The count ci normalized by the total number of word tokens N is the unsmoothed maximum likelihood estimate of the unigram probability of the word wi:
P(wi) = ci/N
We must additionally change the denominator to account for the extra V observations because there are V terms in the lexicon and each one has been increased:
Plaplace(wi) = ci+1/N+V
By establishing an adjusted count c, it is easy to define how a smoothing technique impacts the numerator. Because we’re simply modifying the numerator and adding 1, we’ll need to multiply by a normalizable factor to determine this count.
C*i =ci+1 * N/N+V
After that, the corrected count can be normalized by N-words, yielding a probabilistic value.
Add-k smoothing
One option to add one smoothing is to shift a smaller portion of the probability mass from observed to unknown events. Instead of adding 1, we add a fractional count k (.5?.05?.01?) to each count. As a result, add-k smoothing is the name of the algorithm.
Add-k smoothing necessitates the existence of a mechanism for determining k, which can be accomplished, for example, by optimizing on a devset. Despite the fact that add-k is beneficial for some tasks (such as text classification), it turns out that it isn’t very good at language modeling.

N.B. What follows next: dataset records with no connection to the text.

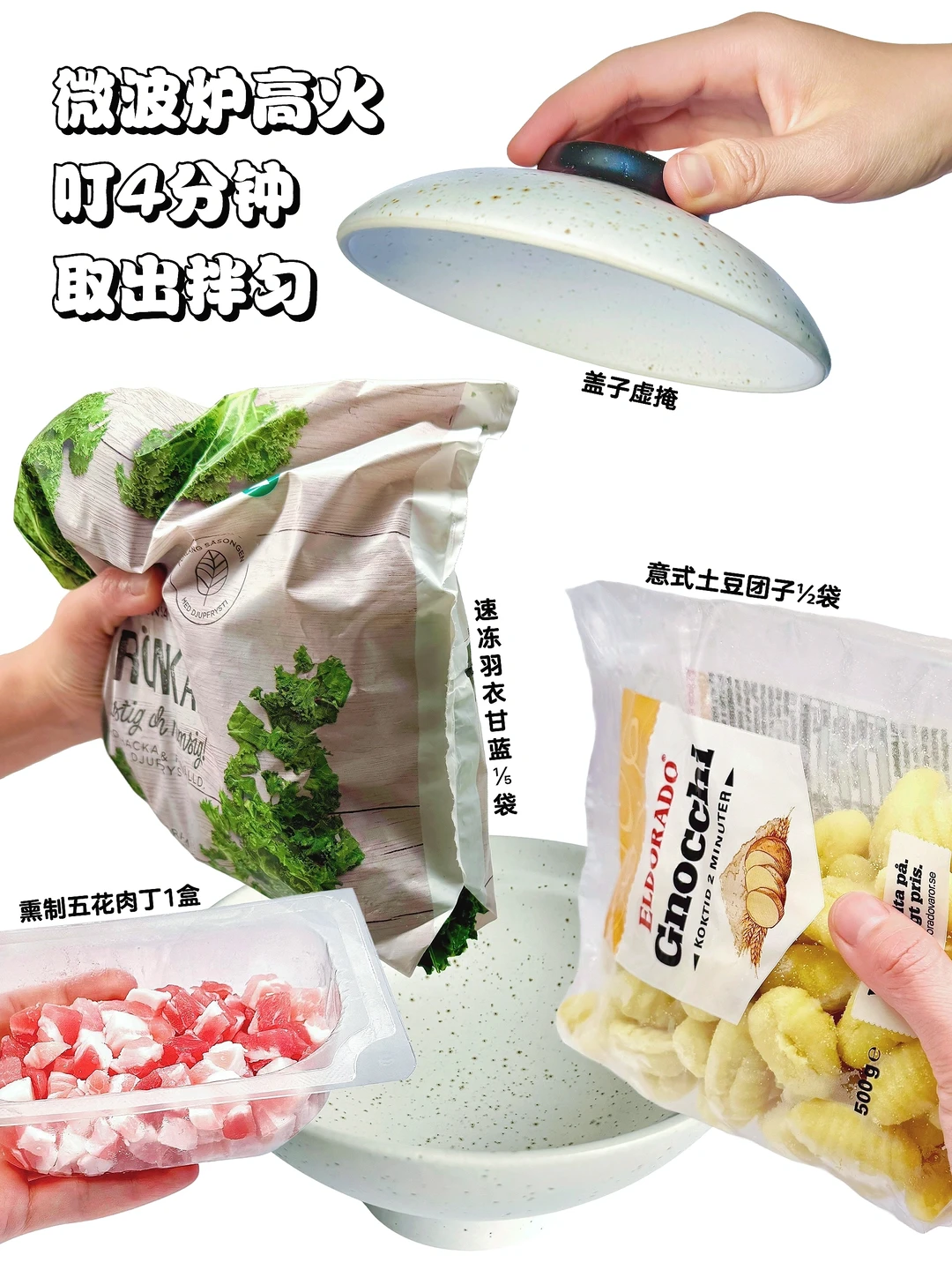 羽衣甘蓝是出了名的荠菜平替, Gnocchi糯糯的,跟年糕口感很像, 配上Pancetta,咸香刚刚好。 好吃到像是老祖宗穿越给我下了一碗饭 🤤 大大地赞[赞R][赞R][赞R] 👉Tips 羽衣甘蓝捏碎了做出来口感🉑更好 配菜🉑根据个人喜好调整 调味🉑按个人喜好调整 🥄注释 勺子尺寸均为汤匙 ⚠️注意 微波炉品牌和功率不同加热效果会有差异 需按实际情况调整时间和温度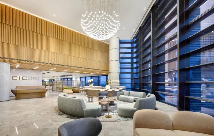 EIC在标准层高约4.5米、局部挑高约9米的大开间格局里,精心规划品牌区、访谈区、会议区、生活娱乐区、互动社交区、科技创新区。项目注重ESG理念,采用石材、陶土、木饰等可回收材料,创新2.4米宽杭州罕见玻璃幕墙,还提前构建了万兆光纤、燃气管道以及有淋浴、洗漱功能的VIP卫生间,员工在工作中生活,在生活中工作,让工作充满社交与互动,高效且怡人。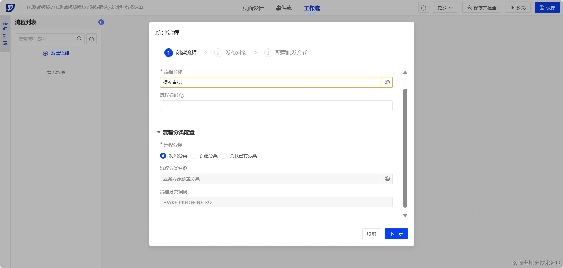 切换到工作流标签页,点击 【创建流程】 按钮,在新建流程弹窗-创建流程步骤中输入流程基本信息,并选择流程分类。
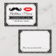 These mustache and lips themed wedding place cards are retro hipster cute! Place cards feature mustache and lips, calligraphy, modern typography, a ribbon flag, and an ornate frame over a chic black and white polka dots pattern background.

Limitations and Tools for N-gram Model
When a model is trained on Shakespeare’s writings, it will not make accurate predictions when applied to another genre. As a result, we must ensure that the training corpus resembles the test corpus. Like many statistical models, the N-gram model is heavily reliant on the training corpus. As a result, the probabilities frequently encode specific information about a training corpus. Furthermore, the performance of the N-gram model fluctuates as the value of N changes. A notable problem with the MLE approach is sparse data. In other words, every N-gram that appeared a significant number of times may have a credible probability estimate. However, because any corpus is restricted, it is inevitable that some perfectly acceptable English word sequences will be absent. As a result, any training corpus’ N-gram matrix is certain to contain a significant number of occurrences of putative “zero probability N-grams.” In one study, a bigram model outperformed a unigram model in sentiment analysis, but the number of features increased. As a result, good feature selection strategies are required when scaling N-gram models to larger datasets or switching to a higher N. Longer-distance context is poorly captured by N-gram models. Performance gains are restricted after 6-grams, according to research.
Software Tools for N-gram
N-gram, tm, tau, and RWeka are a few useful R packages. N-gram analysis is supported by the tidytext package. The NTLK method nltk. utils. ngrams is available in Python (). nltk.lm is a more extensive package. The ngram package can compute n-gram string similarity outside of NLTK. SRILM is a handy toolkit for developing language models that are written in C++ and freely sourced. This includes the ngram-f utility. This includes the utility ngram-format, which can read or write N-gram models in the popular ARPA backoff format, which was designed by Doug Paul at MIT Lincoln Labs. A demo of an N-gram predictive model implemented in R Shiny can be tried out online. It’s based on Google Books research. It displays how the N-gram coheres with a set of words. Given a sequence of words, it shows how the N-gram counts have changed over the years.